### SUPPLIED DATA:
::::::::::

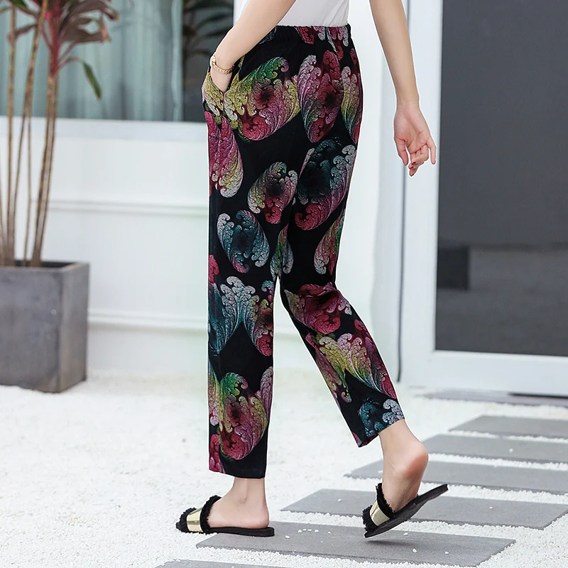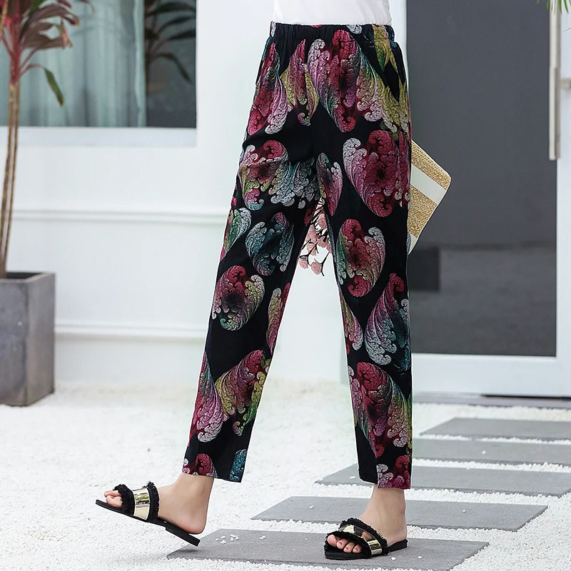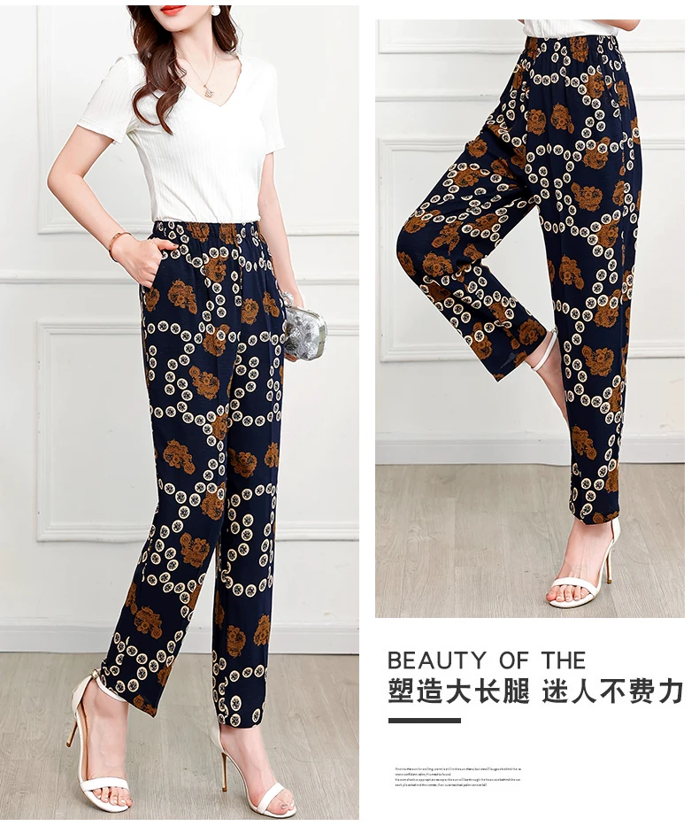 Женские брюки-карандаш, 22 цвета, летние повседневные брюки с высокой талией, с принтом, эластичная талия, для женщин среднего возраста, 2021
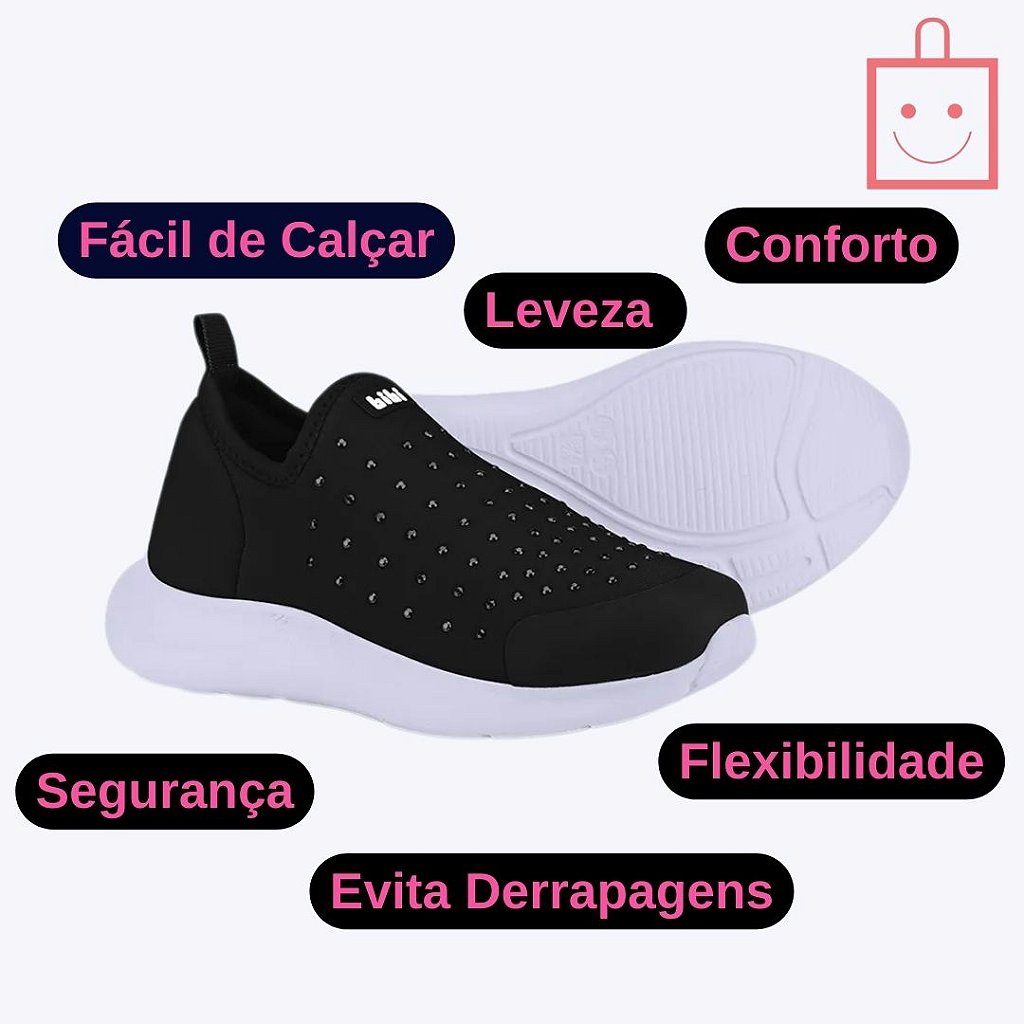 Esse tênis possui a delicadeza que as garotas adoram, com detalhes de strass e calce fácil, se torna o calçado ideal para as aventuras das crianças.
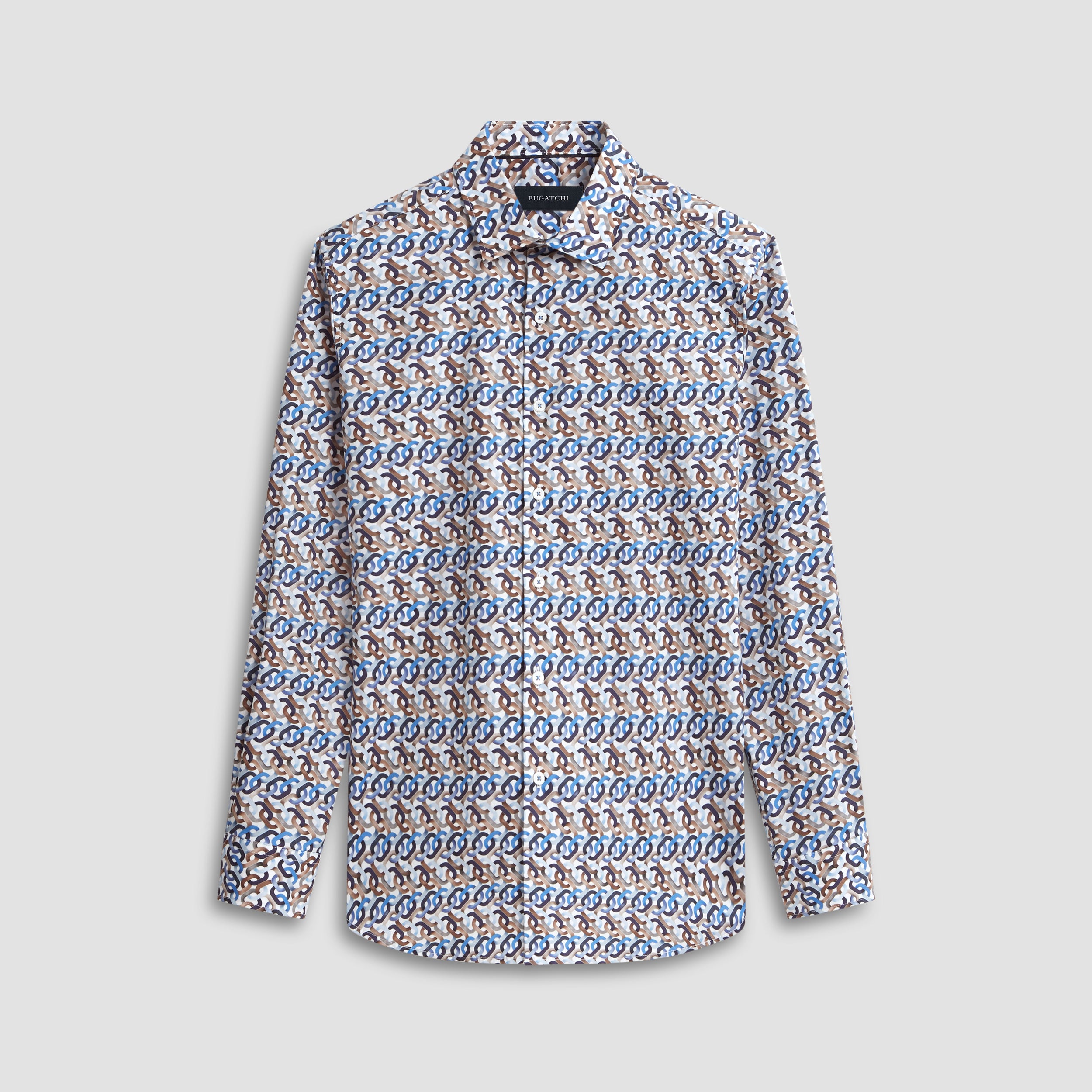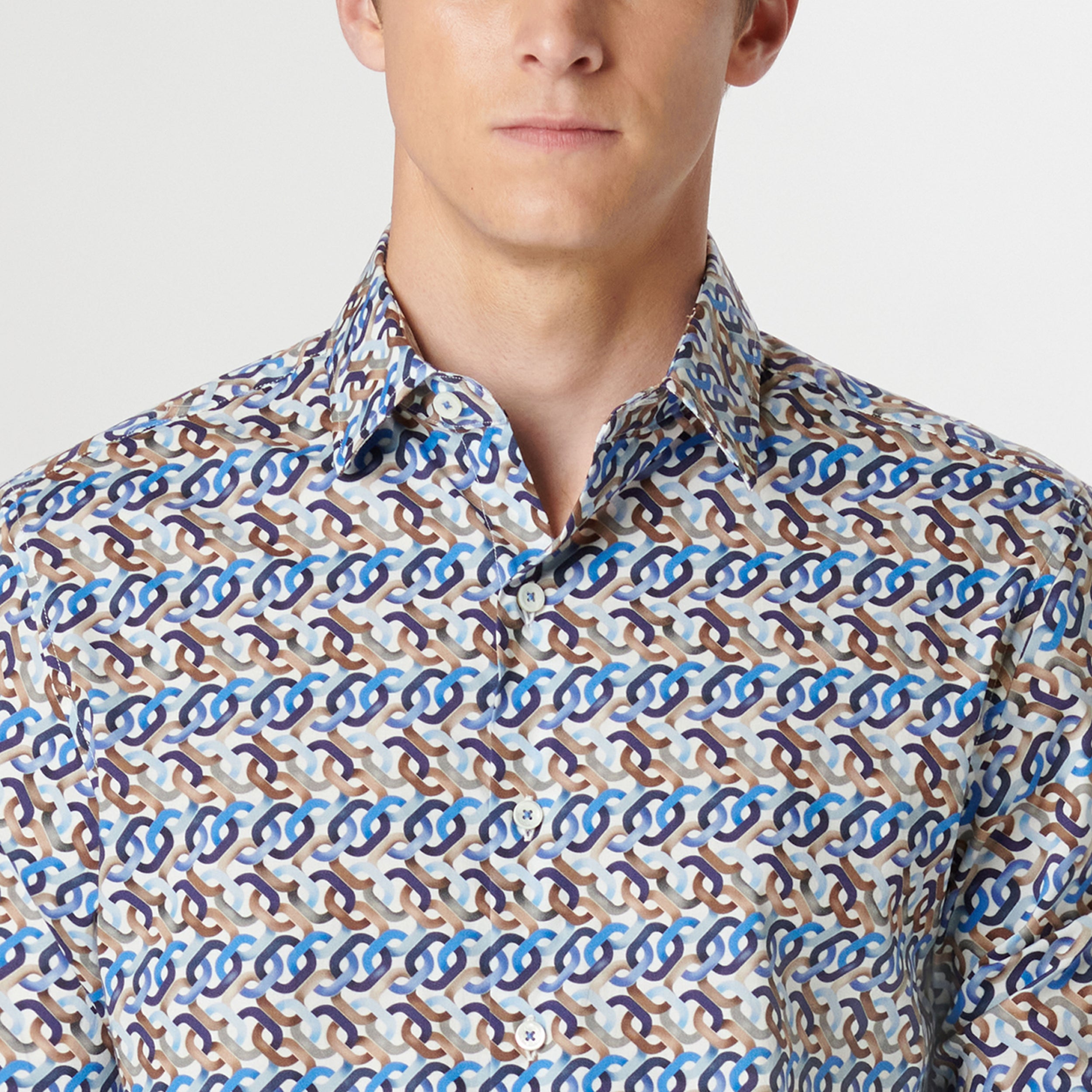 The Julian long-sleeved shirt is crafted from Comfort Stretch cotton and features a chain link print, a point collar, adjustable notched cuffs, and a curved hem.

::::::::::

### ACTIVITY:
Print every line of the material above exactly as it reads, skipping the pictures.

### RESPONSE TO THIS TASK:
 Женские брюки-карандаш, 22 цвета, летние повседневные брюки с высокой талией, с принтом, эластичная талия, для женщин среднего возраста, 2021
 Esse tênis possui a delicadeza que as garotas adoram, com detalhes de strass e calce fácil, se torna o calçado ideal para as aventuras das crianças.
 The Julian long-sleeved shirt is crafted from Comfort Stretch cotton and features a chain link print, a point collar, adjustable notched cuffs, and a curved hem.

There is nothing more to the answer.